::: Records for the exercise

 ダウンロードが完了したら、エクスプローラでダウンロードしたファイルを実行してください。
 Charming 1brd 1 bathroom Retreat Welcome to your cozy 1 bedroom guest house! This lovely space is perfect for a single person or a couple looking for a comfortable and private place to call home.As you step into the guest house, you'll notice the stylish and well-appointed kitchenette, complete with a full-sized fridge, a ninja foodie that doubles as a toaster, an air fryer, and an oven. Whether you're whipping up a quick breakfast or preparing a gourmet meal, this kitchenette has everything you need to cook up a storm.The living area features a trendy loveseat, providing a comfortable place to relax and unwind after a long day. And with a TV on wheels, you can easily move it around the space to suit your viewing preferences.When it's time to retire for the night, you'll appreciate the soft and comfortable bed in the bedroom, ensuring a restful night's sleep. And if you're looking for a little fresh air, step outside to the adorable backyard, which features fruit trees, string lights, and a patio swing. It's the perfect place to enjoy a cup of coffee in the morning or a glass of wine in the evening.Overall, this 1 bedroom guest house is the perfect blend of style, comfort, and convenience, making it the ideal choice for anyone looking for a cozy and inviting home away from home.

::::::
::: Records for the exercise

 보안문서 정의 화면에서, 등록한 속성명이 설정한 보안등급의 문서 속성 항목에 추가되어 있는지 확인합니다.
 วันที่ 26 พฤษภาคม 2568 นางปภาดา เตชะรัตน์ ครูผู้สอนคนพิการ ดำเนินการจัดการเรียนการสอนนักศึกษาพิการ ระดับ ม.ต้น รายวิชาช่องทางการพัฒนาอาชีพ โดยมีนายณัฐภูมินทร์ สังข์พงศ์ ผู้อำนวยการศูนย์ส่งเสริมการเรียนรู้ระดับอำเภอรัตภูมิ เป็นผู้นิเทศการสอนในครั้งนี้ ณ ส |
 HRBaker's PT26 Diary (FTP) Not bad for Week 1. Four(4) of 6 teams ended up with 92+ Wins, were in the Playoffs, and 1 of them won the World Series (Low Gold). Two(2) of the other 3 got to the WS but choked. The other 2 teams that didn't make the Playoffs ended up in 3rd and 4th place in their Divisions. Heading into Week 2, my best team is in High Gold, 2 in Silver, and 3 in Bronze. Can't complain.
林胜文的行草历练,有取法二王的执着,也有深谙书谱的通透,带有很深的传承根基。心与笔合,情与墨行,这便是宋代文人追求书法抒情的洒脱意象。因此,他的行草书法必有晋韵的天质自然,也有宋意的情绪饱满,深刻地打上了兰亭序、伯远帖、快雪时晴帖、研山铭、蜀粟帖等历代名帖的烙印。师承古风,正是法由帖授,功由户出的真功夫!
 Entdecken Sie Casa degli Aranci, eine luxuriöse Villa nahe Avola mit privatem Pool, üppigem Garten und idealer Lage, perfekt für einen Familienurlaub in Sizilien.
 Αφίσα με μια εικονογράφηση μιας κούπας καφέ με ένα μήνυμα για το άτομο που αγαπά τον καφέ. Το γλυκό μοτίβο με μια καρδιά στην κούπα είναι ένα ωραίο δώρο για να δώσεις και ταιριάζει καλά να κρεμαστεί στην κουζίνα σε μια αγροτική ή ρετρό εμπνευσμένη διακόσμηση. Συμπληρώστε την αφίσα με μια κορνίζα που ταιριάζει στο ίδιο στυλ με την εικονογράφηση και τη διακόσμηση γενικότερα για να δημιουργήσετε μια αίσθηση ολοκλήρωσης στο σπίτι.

::::::
::: Records for the exercise

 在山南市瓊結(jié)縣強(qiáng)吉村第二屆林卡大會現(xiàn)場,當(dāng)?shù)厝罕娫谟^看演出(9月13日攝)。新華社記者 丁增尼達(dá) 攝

::::::

About this exercise
The result should be every line of the material that contains the word "with", so copy those lines.

Response to the exercise
 Charming 1brd 1 bathroom Retreat Welcome to your cozy 1 bedroom guest house! This lovely space is perfect for a single person or a couple looking for a comfortable and private place to call home.As you step into the guest house, you'll notice the stylish and well-appointed kitchenette, complete with a full-sized fridge, a ninja foodie that doubles as a toaster, an air fryer, and an oven. Whether you're whipping up a quick breakfast or preparing a gourmet meal, this kitchenette has everything you need to cook up a storm.The living area features a trendy loveseat, providing a comfortable place to relax and unwind after a long day. And with a TV on wheels, you can easily move it around the space to suit your viewing preferences.When it's time to retire for the night, you'll appreciate the soft and comfortable bed in the bedroom, ensuring a restful night's sleep. And if you're looking for a little fresh air, step outside to the adorable backyard, which features fruit trees, string lights, and a patio swing. It's the perfect place to enjoy a cup of coffee in the morning or a glass of wine in the evening.Overall, this 1 bedroom guest house is the perfect blend of style, comfort, and convenience, making it the ideal choice for anyone looking for a cozy and inviting home away from home.
 HRBaker's PT26 Diary (FTP) Not bad for Week 1. Four(4) of 6 teams ended up with 92+ Wins, were in the Playoffs, and 1 of them won the World Series (Low Gold). Two(2) of the other 3 got to the WS but choked. The other 2 teams that didn't make the Playoffs ended up in 3rd and 4th place in their Divisions. Heading into Week 2, my best team is in High Gold, 2 in Silver, and 3 in Bronze. Can't complain.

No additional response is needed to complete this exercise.